Embedded yyjson Integration

Purpose

This subtopic addresses the integration and customization of the **yyjson** C library within the core JSON parsing and writing system. While the parent topic covers the overall JSON parsing and serialization implemented in Rust, this submodule specifically embeds and adapts the **yyjson** library to achieve ultra-fast, memory-safe JSON parsing. It solves critical problems such as efficient memory allocation, recursion depth limits, UTF-8 validation, and handling non-standard JSON features, which are essential for robust and high-performance parsing.

Functionality

The embedded **yyjson** integration provides:

Key Workflow

When parsing JSON, the embedded **yyjson** parser:

  1. Allocates or receives an allocator context to manage memory for JSON values and strings.

  2. Copies input data into a padded buffer for safe reading and in-situ modification if enabled.

  3. Skips initial whitespace or comments if allowed.

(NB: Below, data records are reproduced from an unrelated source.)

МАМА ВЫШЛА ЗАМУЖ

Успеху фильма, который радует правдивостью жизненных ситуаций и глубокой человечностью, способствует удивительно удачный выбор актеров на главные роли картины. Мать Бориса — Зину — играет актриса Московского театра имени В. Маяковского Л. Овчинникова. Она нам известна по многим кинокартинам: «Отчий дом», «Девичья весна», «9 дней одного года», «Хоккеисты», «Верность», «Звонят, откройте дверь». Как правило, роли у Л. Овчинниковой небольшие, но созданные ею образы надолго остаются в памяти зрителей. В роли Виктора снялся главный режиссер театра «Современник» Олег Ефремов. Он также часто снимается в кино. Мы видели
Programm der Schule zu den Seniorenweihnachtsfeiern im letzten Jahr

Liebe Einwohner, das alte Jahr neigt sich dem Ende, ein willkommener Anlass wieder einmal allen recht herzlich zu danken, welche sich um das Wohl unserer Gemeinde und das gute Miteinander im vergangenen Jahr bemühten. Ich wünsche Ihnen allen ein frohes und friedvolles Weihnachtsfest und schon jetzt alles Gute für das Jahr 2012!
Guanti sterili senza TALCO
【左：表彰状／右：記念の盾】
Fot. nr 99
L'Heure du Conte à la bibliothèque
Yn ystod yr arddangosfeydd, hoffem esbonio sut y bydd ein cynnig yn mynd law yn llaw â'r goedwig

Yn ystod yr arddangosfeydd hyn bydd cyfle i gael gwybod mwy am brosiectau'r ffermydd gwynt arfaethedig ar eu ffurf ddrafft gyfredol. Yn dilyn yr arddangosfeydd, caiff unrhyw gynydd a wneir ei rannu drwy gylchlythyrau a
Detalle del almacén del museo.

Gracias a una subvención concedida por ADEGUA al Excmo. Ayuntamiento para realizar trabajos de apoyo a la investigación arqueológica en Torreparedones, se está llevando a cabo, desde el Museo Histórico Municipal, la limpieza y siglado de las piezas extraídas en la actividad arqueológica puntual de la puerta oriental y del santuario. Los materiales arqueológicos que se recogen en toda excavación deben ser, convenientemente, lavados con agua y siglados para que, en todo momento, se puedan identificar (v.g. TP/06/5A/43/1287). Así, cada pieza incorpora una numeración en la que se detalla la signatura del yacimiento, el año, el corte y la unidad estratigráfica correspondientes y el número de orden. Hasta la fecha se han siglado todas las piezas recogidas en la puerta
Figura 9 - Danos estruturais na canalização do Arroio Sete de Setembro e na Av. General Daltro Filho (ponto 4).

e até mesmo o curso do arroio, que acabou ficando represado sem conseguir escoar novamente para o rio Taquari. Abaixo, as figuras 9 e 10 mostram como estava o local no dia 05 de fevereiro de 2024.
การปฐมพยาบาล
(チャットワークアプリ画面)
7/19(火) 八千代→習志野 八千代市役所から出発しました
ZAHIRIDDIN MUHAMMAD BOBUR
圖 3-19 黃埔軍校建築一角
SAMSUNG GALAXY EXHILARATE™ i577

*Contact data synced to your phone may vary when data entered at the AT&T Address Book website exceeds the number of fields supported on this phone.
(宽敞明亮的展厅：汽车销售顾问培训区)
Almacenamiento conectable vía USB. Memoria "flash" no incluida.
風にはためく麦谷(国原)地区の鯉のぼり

  4. Uses an FSM to parse JSON tokens (objects, arrays, strings, numbers, literals) recursively, respecting recursion depth limits.

  5. For numbers, performs efficient parsing using fast IEEE-754 paths or raw string fallback as configured.

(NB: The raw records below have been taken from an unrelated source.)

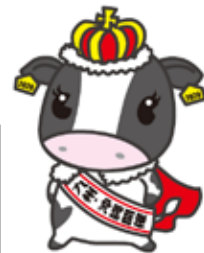
ホルスタイン共進会 マスケットキャラクター 南風ミル
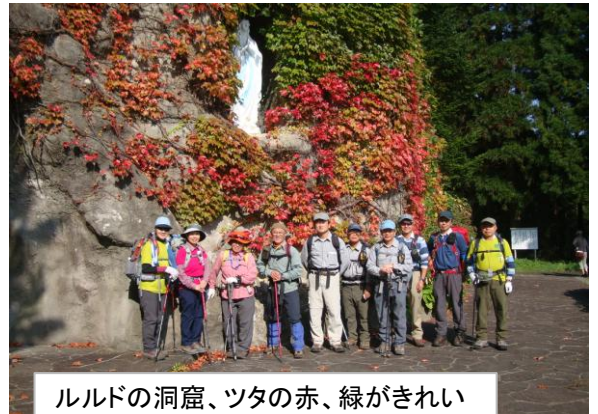
ルルドの洞窟、ツタの赤、緑がきれい

秋晴れの天気の中、伊達道の駅を出発。予定時間より早く、渡島当別のトラピスト修道院に着く。明日の大千軒岳登山の足慣らしを兼ねて約500mの丸山に登る。登山口は修道院の裏で、広い駐車場？に車を止め、準備体操後出発した。「ルルドの洞窟」看板から歩き始め、信者の墓地横を通り杉林に入っていくと、ほどなく洞窟に着く。洞窟はツタが這っていて美しく紅葉している。6人位の見学者がいる。ここから狭い登山道、昔の薪運び等に使用した道路跡らしい。
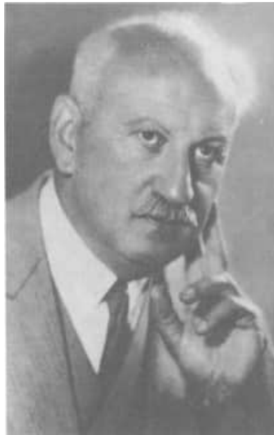
1 Abram Fedorovič Ioffe (29.10.1880—14.10. 1960) im Jahre 1940

Vorwort Abram Fedorovič Ioffe wird häufig als "Vater der sowjetischen Physik" bezeichnet, manchmal auch als "Vater der Halbleiterphysik". Diese Ehrenbezeichnung verdankt der weltbekannte Wissenschaftler nicht nur seinen hervorragenden Forschungsleistungen - speziell auf dem Gebiet der Festkörperphysik -, sondern vor allem und zugleich seiner weitsichtigen wissenschaftsorganisatorischen wie wissenschaftsleitenden Arbeit, verbunden mit der Fähigkeit, begabte junge Physiker zu hohen Leistungen anzuregen und eine wissenschaftliche Schule hoher Effektivität zu entwickeln.
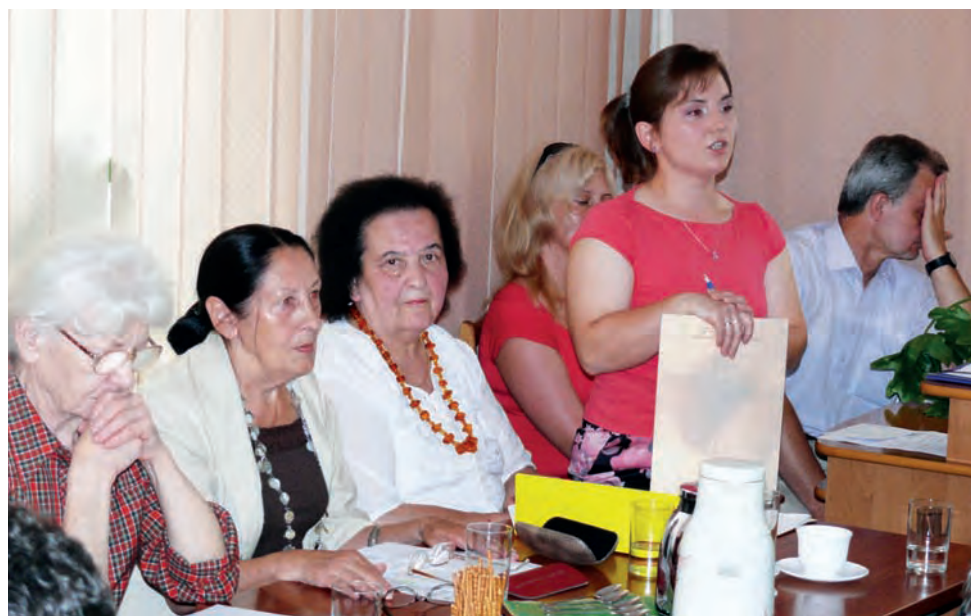
Mieszkańcy gminy Sanniki, którzy nie godzą się na instalację pirolizy w Szkaradzie, mówią: – Nie chcemy, by na nas eksperymentowano.

Zwrócono też uwagę, że często to, co jest na papierze – bo z dokumentacji wynika, że instalacja będzie bezpieczna – daleko odbiega od praktyki. W dokumentacji instalacji jest mowa
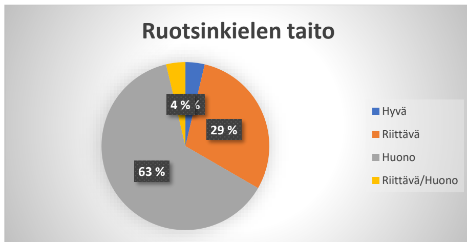
Kuvio 1. Ruotsin kielen taito (%-osuus)

Vastaajista 17, eli suurin osa, ilmoitti ruotsin kielen taitonsa olevan huono, yksi ilmoitti sen olevan hyvä, koska hänen äidinkieltensä on ruotsi, 8 ilmoitti sen olevan riittävä ja yksi ilmoitti sen olevan riittävä/huono. Alla olevassa kuviossa on vastaukset esitelty prosentiosuuksina, mistä selvästi näkee, että suurin osan vastaajista (63 %) ilmoittaa, että heidän ruotsin kielen taitonsa on huono (kuvio 1).
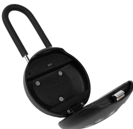
Boîte à clés PALM KS0213ES, avec anse de cadenas
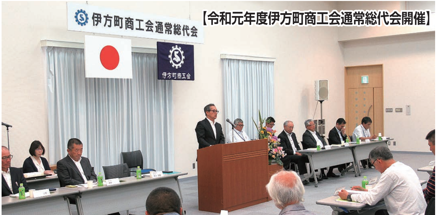
【令和元年度伊方町商工会通常総代会開催】
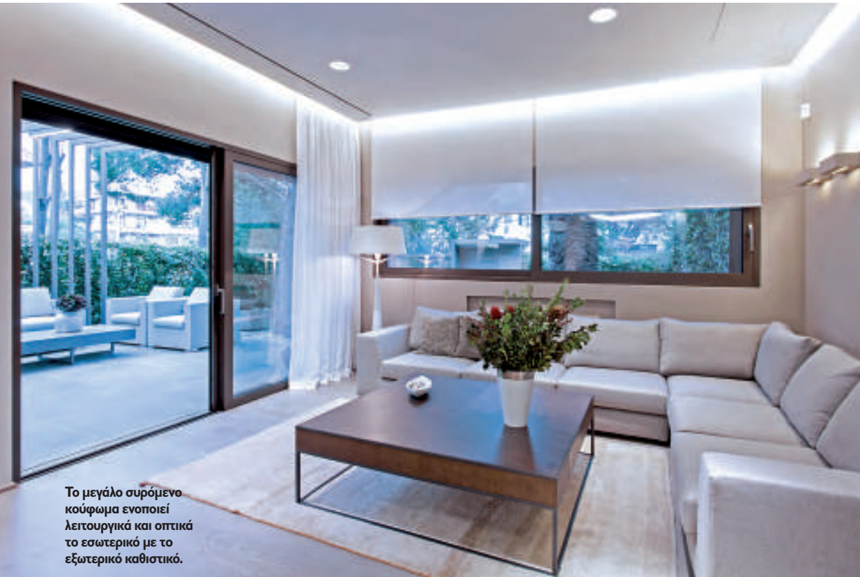
Το μεγάλο συρόμενο κούφωμα ενοποιεί λειτουργικά και οπτικά το εσωτερικό με το εξωτερικό καθιστικό.

  6. For strings, validates UTF-8 and properly handles escape sequences.

  7. Builds an internal immutable or mutable JSON document representation with memory managed by the allocator.

  8. On serialization, writes JSON back to UTF-8 with configurable escaping, indentation, and options for non-standard features.

Critical Data Flow Example: Number Parsing

static_inline bool read_number(u8 **ptr,
                               yyjson_val *val,
                               const char **msg) {
    // Parses number efficiently with fast and slow paths.
    // Sets val->tag with subtype (UINT, SINT, REAL).
}

Relationship to Parent Topic and Other Subtopics

Mermaid Diagram: Core Parsing Flow in Embedded yyjson

flowchart TD
    Start[Start Parsing] --> Allocator[Setup Allocator]
    Allocator --> CopyInput[Copy & Pad Input Buffer]
    CopyInput --> SkipSpace[Skip Spaces & Comments (if allowed)]
    SkipSpace --> TokenParse{Next Token}
    TokenParse -->|Object Start '{'| ObjBegin[Begin Object]
    TokenParse -->|Array Start '['| ArrBegin[Begin Array]
    TokenParse -->|String '"'| ReadString[Read String (UTF-8 & Escapes)]
    TokenParse -->|Number| ReadNumber[Read Number (Fast/Bigint)]
    TokenParse -->|Literal| ReadLiteral[Read true/false/null/NaN/Inf]
    TokenParse -->|End Document| End[Parsing Complete]
    ObjBegin --> ObjKey[Parse Object Key]
    ObjKey --> ObjVal[Parse Object Value]
    ObjVal --> TokenParse
    ArrBegin --> ArrVal[Parse Array Value]
    ArrVal --> TokenParse
    ReadString --> TokenParse
    ReadNumber --> TokenParse
    ReadLiteral --> TokenParse
    TokenParse -->|Error| Error[Error Handling & Cleanup]
    Error --> End

This diagram highlights the core FSM-driven process of JSON parsing within the embedded **yyjson** integration, showing allocator setup, input preparation, token parsing, recursive container handling, and error management.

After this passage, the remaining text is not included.